===== DATA BELOW =====

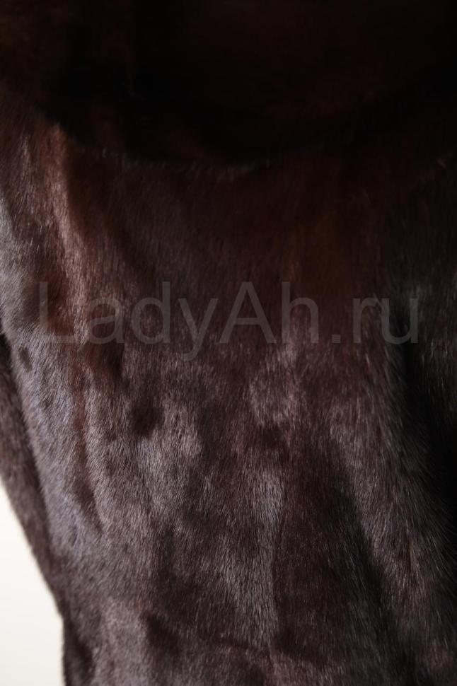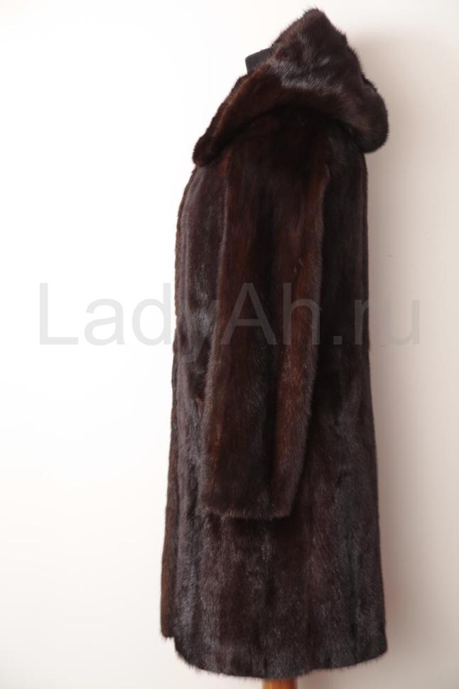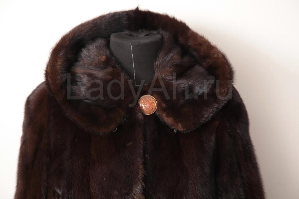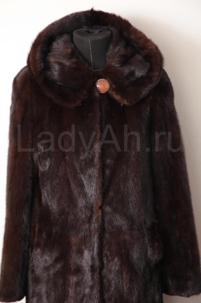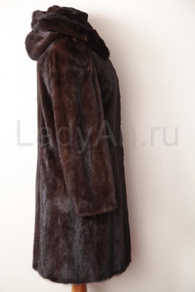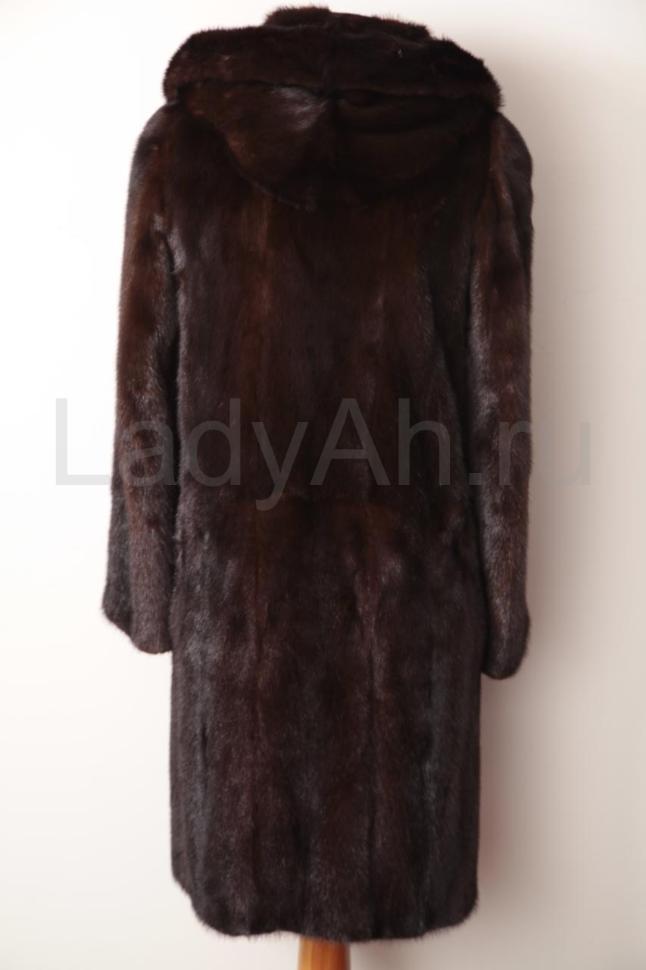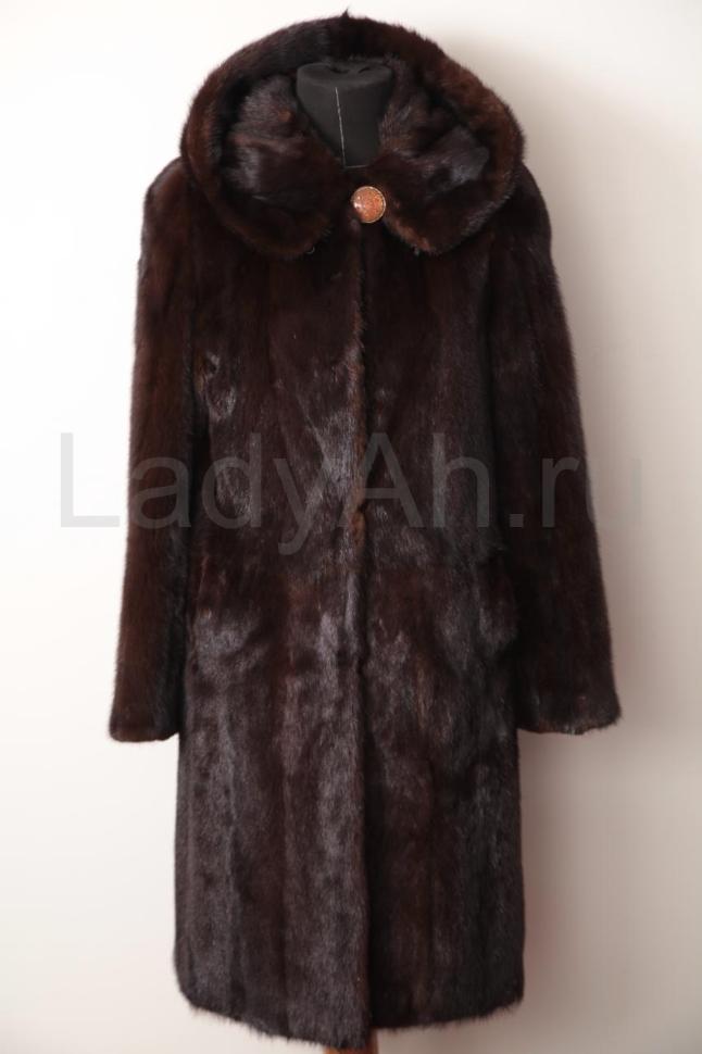 Классическая цельная норковая шуба с двусторонним норковым капюшоном, цвет горький шоколад. Состояние в целом хорошее, б/у, после реставрации.
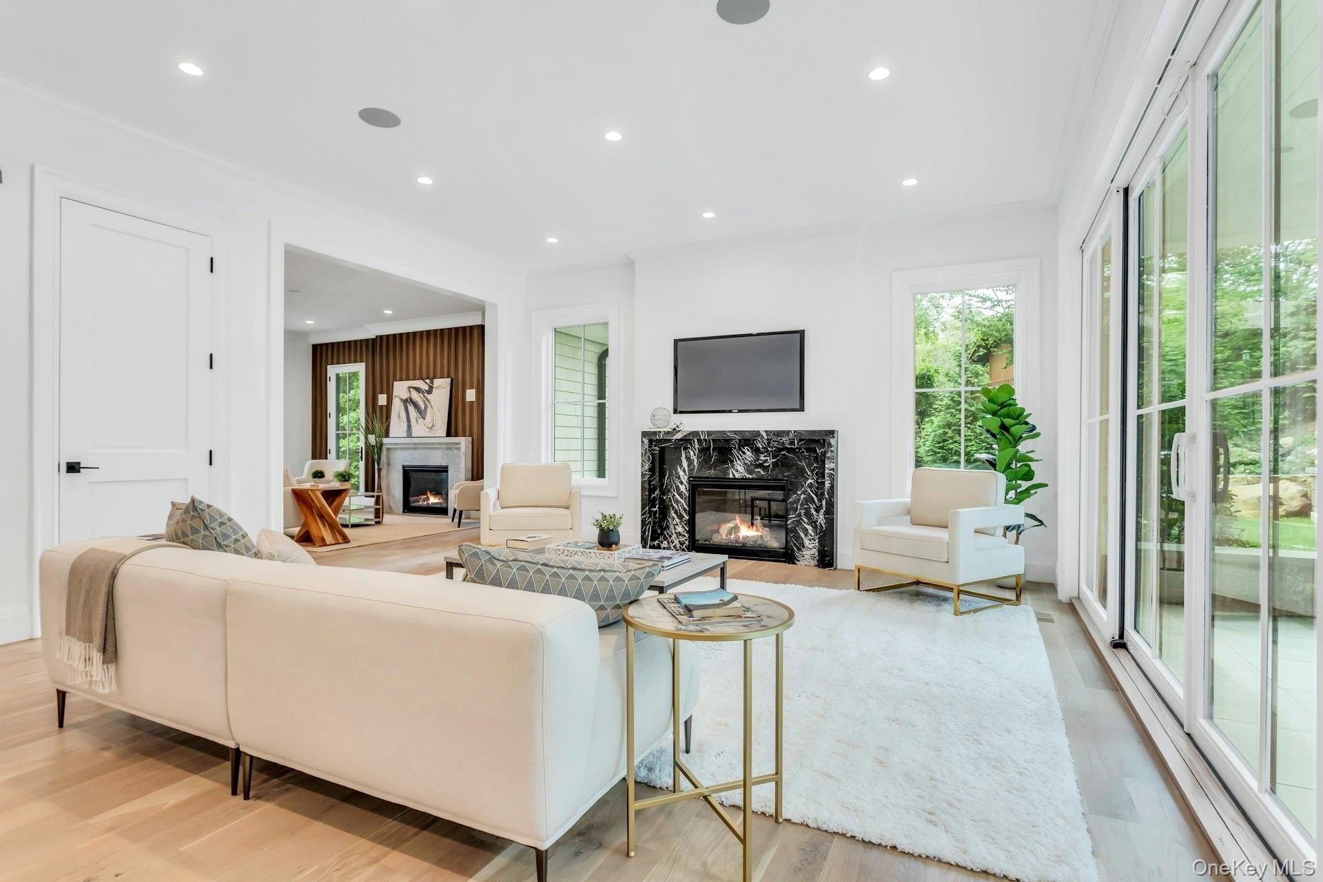 Welcome to 80 The Oaks, Roslyn Estates, a majestic masterpiece with a resort style backyard & pool situated on just shy of half an acre. This extraordinary new construction, built by a renowned builder, is destined to be a true masterpiece, blending modern luxury with timeless elegance. Boasting 4 spacious en-suite bedrooms plus a 5th bedroom on the lower level, and 6.5 lavishly appointed bathrooms. Every inch of this home has been thoughtfully designed with top quality materials and impeccable attention to detail. From the grand entry foyer to the soaring ceilings and sun-drenched interiors, this residence exudes sophistication and scale at every turn. The stunning primary suite offers a serene retreat, featuring a private balcony overlooking a resort-style backyard with a spectacular in-ground pool, outdoor kitchen and lush landscaping. The chef's kitchen features top-of-the-line appliances, including Sub-Zero refrigeration, premium cabinetry, and designer fixtures that elevate everyday living. The expansive lower level features 10 ft ceilings with a state-of-the-art home gym, offering the ultimate convenience and luxury wellness at home, as well as cabana with bathroom serving the pool area. Additional features include laundry room in basement and 2nd floor, smart home capability, radiant heat, steam shower, indoor & outdoor security cameras and a full home generator. Don't miss the opportunity to own one of the Roslyn Estates' most anticipated homes - where superior craftsmanship and visionary design come together.
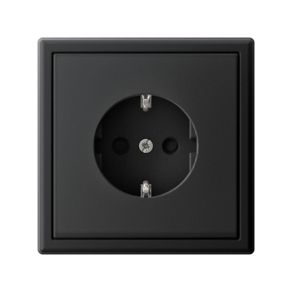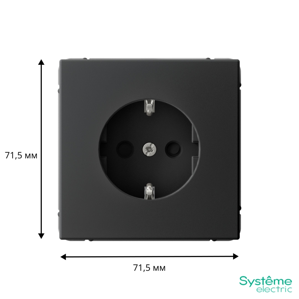 Механизм с быстрозажимными клеммами Systeme Electric серии ArtGallery в цвете карбон розетки одинарной с заземлением и шторками подходит для сетей 250 В, на ток 16 А.
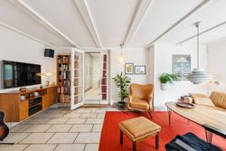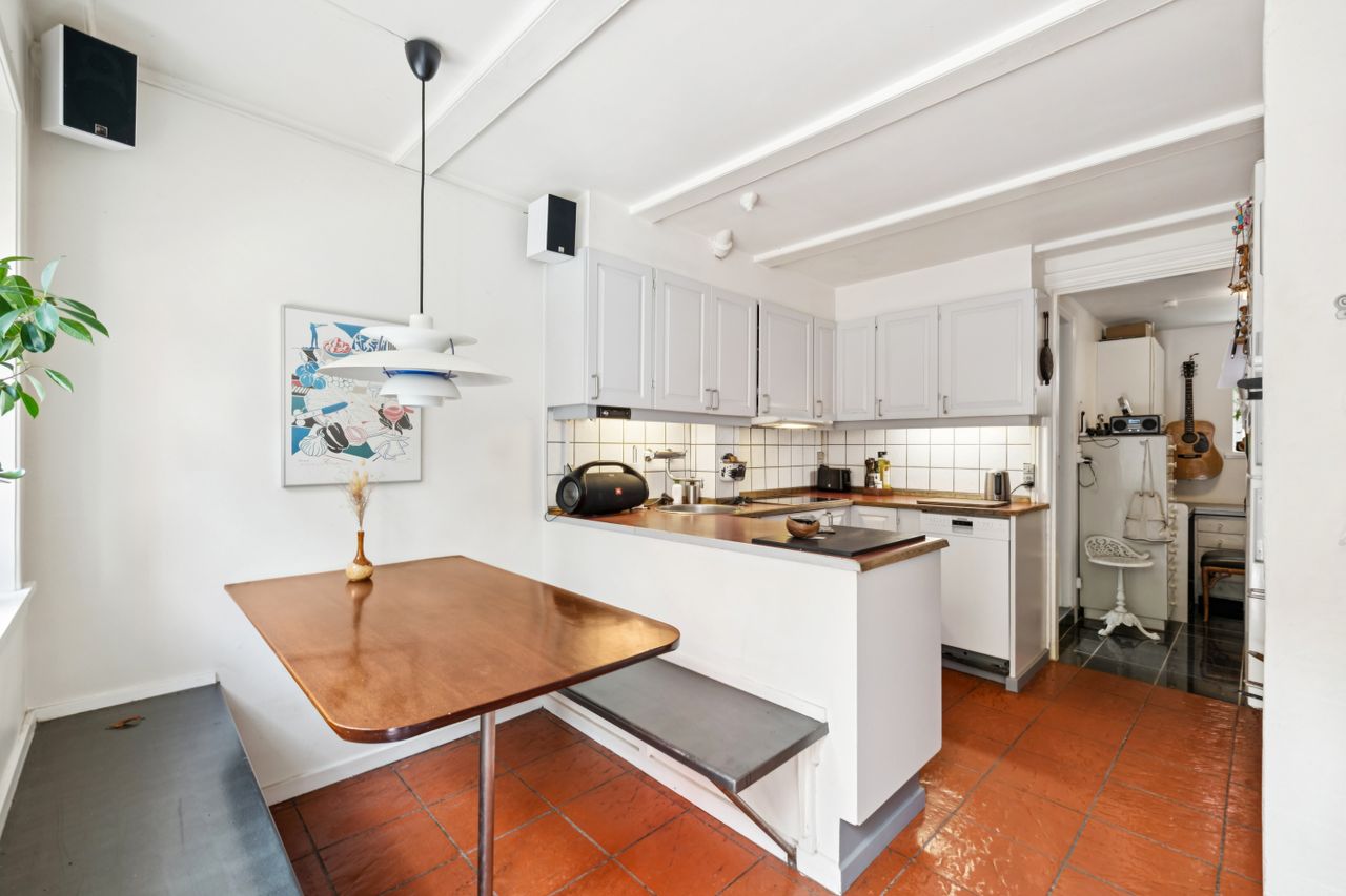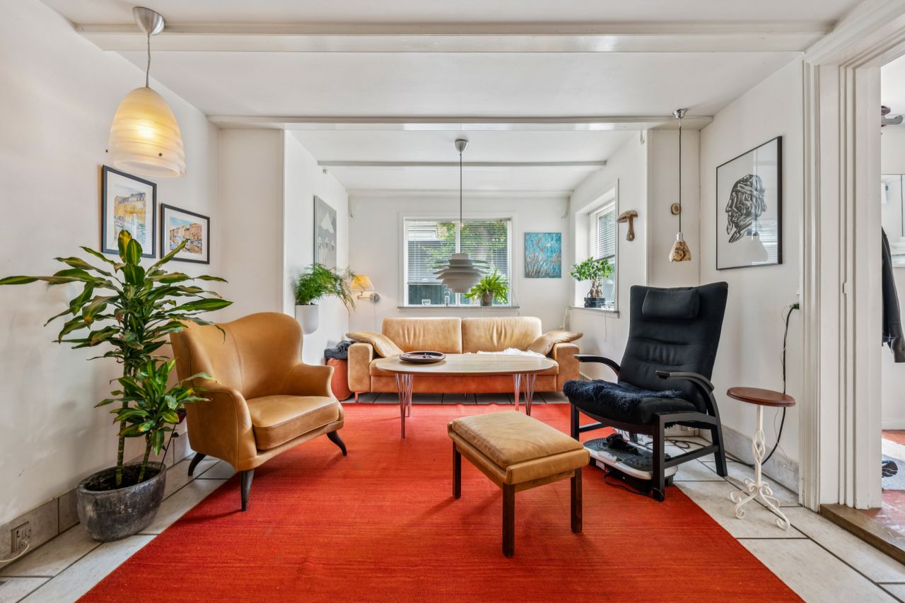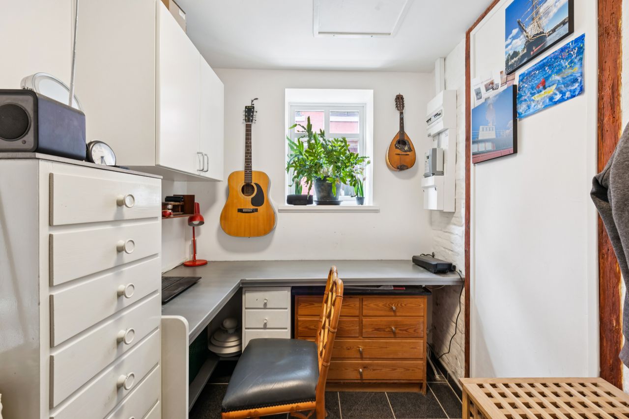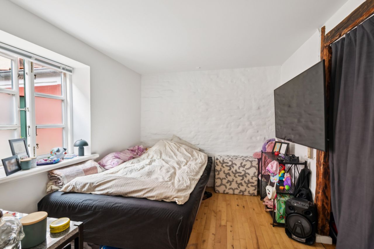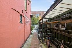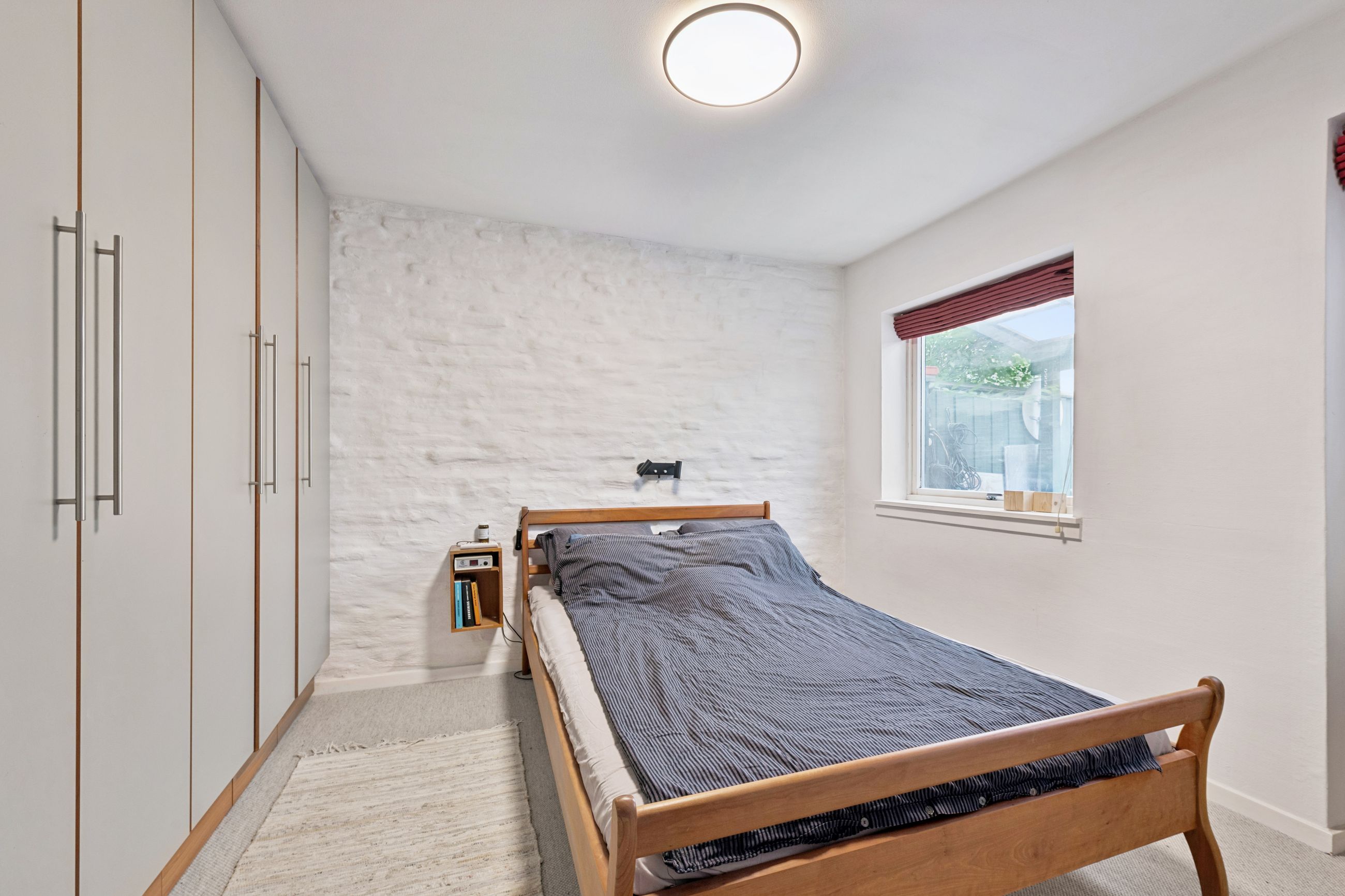 Lejligheden strækker sig over 86 kvadratmeter og er opdelt i to separate dele, hver med sin egen entré. Den første del byder på et rummeligt køkken med spiseplads, hvor man kan nyde måltiderne i lyse omgivelser. En stor stue inviterer til afslapning og hygge, mens det skønne soveværelse har direkte udgang til haven - et sandt fristed midt i byen. Derudover finder du et kontor samt et moderne badeværelse.

=====

**AIM OF THE EXERCISE**
Please output the data above exactly as given, omitting every picture.

**EXERCISE OUTPUT**
 Классическая цельная норковая шуба с двусторонним норковым капюшоном, цвет горький шоколад. Состояние в целом хорошее, б/у, после реставрации.
 Welcome to 80 The Oaks, Roslyn Estates, a majestic masterpiece with a resort style backyard & pool situated on just shy of half an acre. This extraordinary new construction, built by a renowned builder, is destined to be a true masterpiece, blending modern luxury with timeless elegance. Boasting 4 spacious en-suite bedrooms plus a 5th bedroom on the lower level, and 6.5 lavishly appointed bathrooms. Every inch of this home has been thoughtfully designed with top quality materials and impeccable attention to detail. From the grand entry foyer to the soaring ceilings and sun-drenched interiors, this residence exudes sophistication and scale at every turn. The stunning primary suite offers a serene retreat, featuring a private balcony overlooking a resort-style backyard with a spectacular in-ground pool, outdoor kitchen and lush landscaping. The chef's kitchen features top-of-the-line appliances, including Sub-Zero refrigeration, premium cabinetry, and designer fixtures that elevate everyday living. The expansive lower level features 10 ft ceilings with a state-of-the-art home gym, offering the ultimate convenience and luxury wellness at home, as well as cabana with bathroom serving the pool area. Additional features include laundry room in basement and 2nd floor, smart home capability, radiant heat, steam shower, indoor & outdoor security cameras and a full home generator. Don't miss the opportunity to own one of the Roslyn Estates' most anticipated homes - where superior craftsmanship and visionary design come together.
 Механизм с быстрозажимными клеммами Systeme Electric серии ArtGallery в цвете карбон розетки одинарной с заземлением и шторками подходит для сетей 250 В, на ток 16 А.
 Lejligheden strækker sig over 86 kvadratmeter og er opdelt i to separate dele, hver med sin egen entré. Den første del byder på et rummeligt køkken med spiseplads, hvor man kan nyde måltiderne i lyse omgivelser. En stor stue inviterer til afslapning og hygge, mens det skønne soveværelse har direkte udgang til haven - et sandt fristed midt i byen. Derudover finder du et kontor samt et moderne badeværelse.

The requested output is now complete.